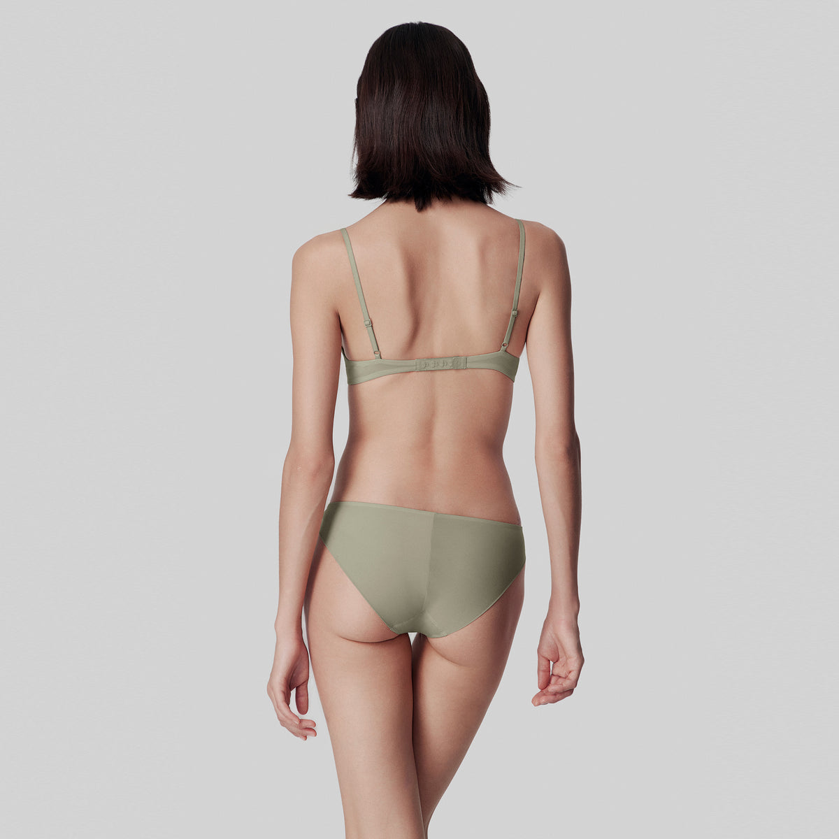 It is designed with a double-layered cotton-like high-stretch fabric using molding technology. The seamless and invisible design, along with the memory wire, gently contours the bust without any discomfort. The transparent front center creates a fashionable visual effect.
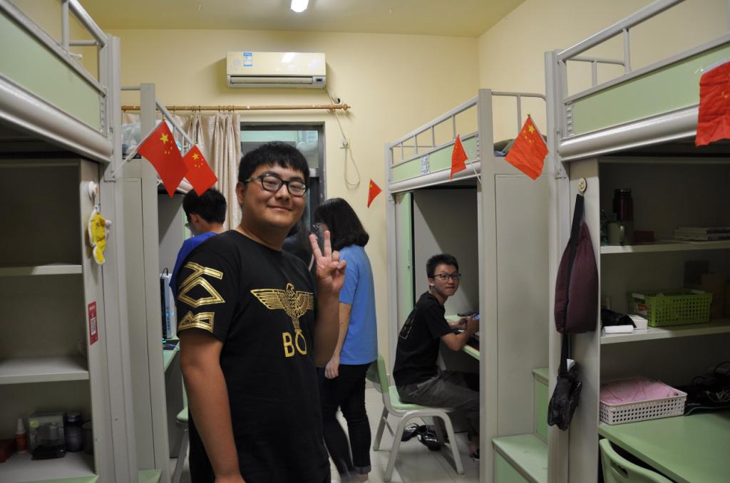 18、19级同学精心准备了双庆寝室建设。432寝室的伊力扎提同学,他用吉他为检查小组倾情弹奏了一曲《我和我的祖国》;613寝室的刘世龙同学,他撰写的校庆对联“十九岁贺岁九十,大重庆里庆重大”博得一片喝彩;很多寝室更是浓妆艳抹,喜迎国庆。检查过程中,老师们与同学们进行了亲切的交流。
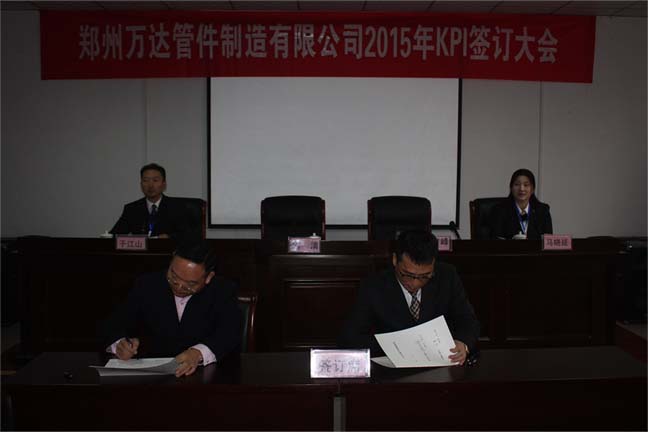 郑州万达管件制造有限公司2015年KPI签订会于1月30号在公司行政区会议室隆重举行,公司班长以上所有管理人员参加了此次签订会议。签订会分为三级签订,即:董事长与总经理签订、总经理与公司各高管签订、公司各高管与分管的各部门负责人签订,近期,各部门负责人将部门的KPI指标进行分解,与各班组及相关岗位签订目标责任书,达到“千斤重担人人挑,人人肩上有指标”的责任分解领受,确保最终顺利完成公司2015年度各项任务和目标。
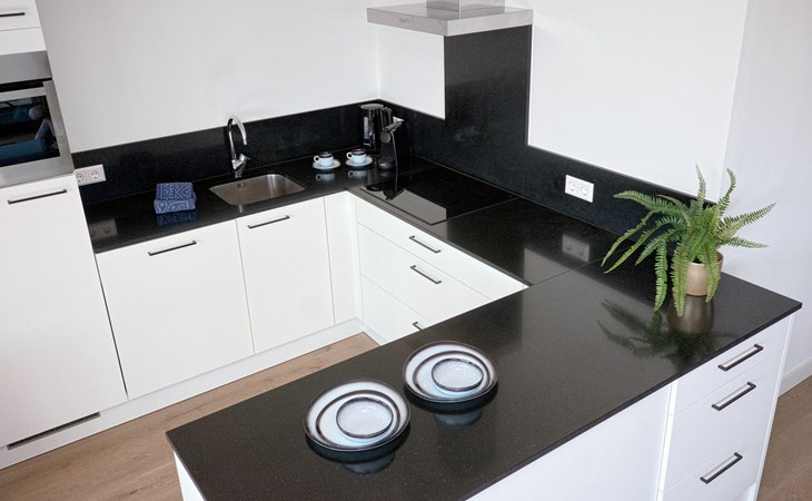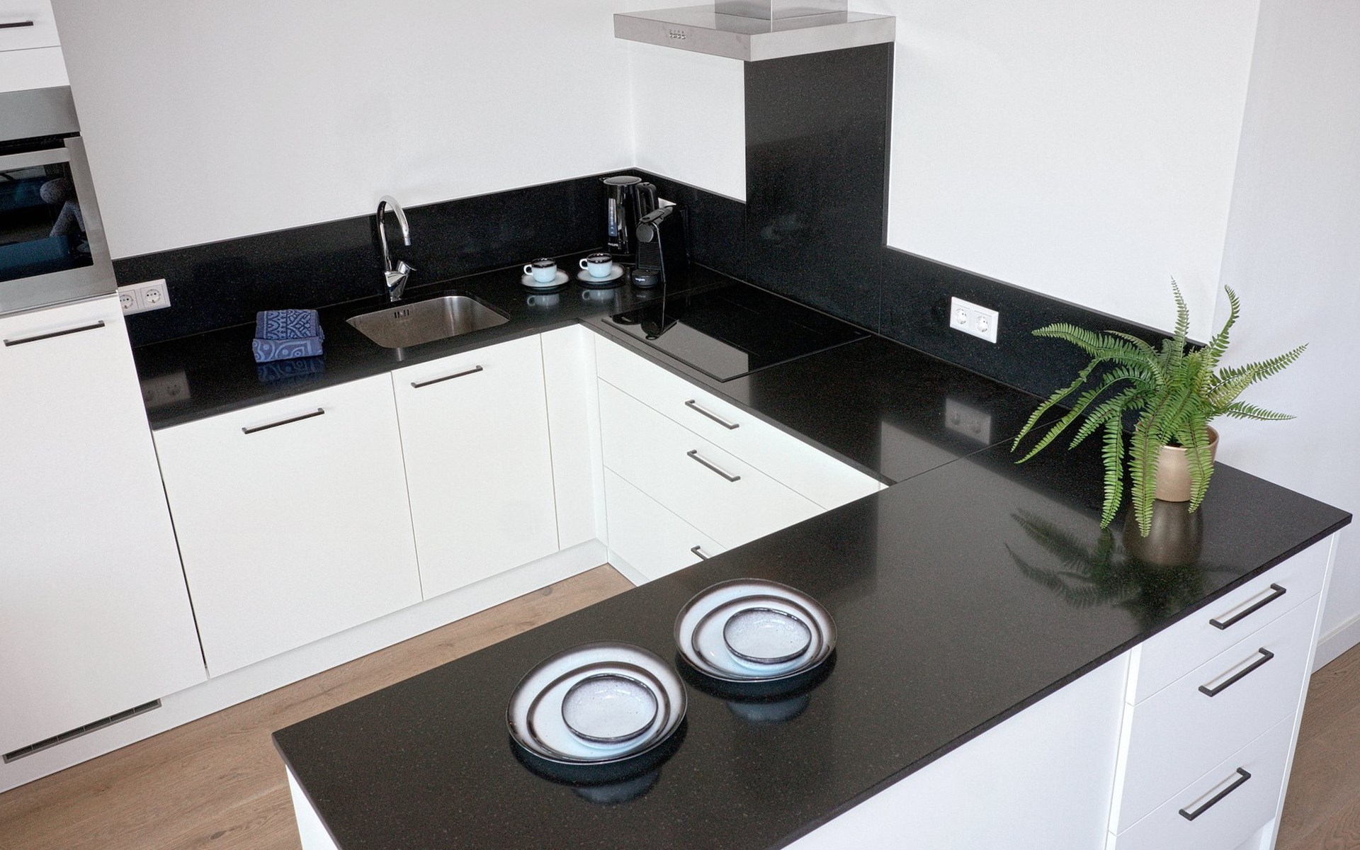 Die Ferienwohnung ist modern eingerichtet und verfügt über ein großzügiges Wohnzimmer mit einer Essecke und einer Sitzecke, die mit einem Smart-TV mit Streaming-Funktion ausgestattet ist. Die offene Küche ist komplett ausgestattet und verfügt über eine Kühl-Gefrier-Kombination, einen Kombi-Backofen, eine Nespresso-Maschine und eine Geschirrspülmaschine.
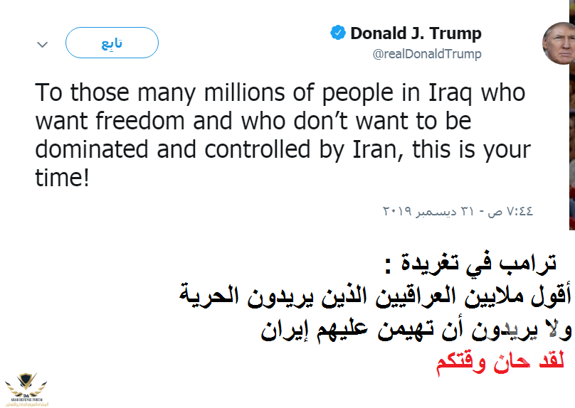 ترامب ذكيامريكا اخيرا شعرت بخطر ايران على العراق
-=-=-=-=-
- _Task requirements_
Using the data above, set down each line from the line with "18、19级同学精心准备了双" to the line with "郑州万达管件制造有限公司20" exactly, both ends included, and leave the pictures behind. Nothing else belongs.

- _Answer box_
 18、19级同学精心准备了双庆寝室建设。432寝室的伊力扎提同学,他用吉他为检查小组倾情弹奏了一曲《我和我的祖国》;613寝室的刘世龙同学,他撰写的校庆对联“十九岁贺岁九十,大重庆里庆重大”博得一片喝彩;很多寝室更是浓妆艳抹,喜迎国庆。检查过程中,老师们与同学们进行了亲切的交流。
 郑州万达管件制造有限公司2015年KPI签订会于1月30号在公司行政区会议室隆重举行,公司班长以上所有管理人员参加了此次签订会议。签订会分为三级签订,即:董事长与总经理签订、总经理与公司各高管签订、公司各高管与分管的各部门负责人签订,近期,各部门负责人将部门的KPI指标进行分解,与各班组及相关岗位签订目标责任书,达到“千斤重担人人挑,人人肩上有指标”的责任分解领受,确保最终顺利完成公司2015年度各项任务和目标。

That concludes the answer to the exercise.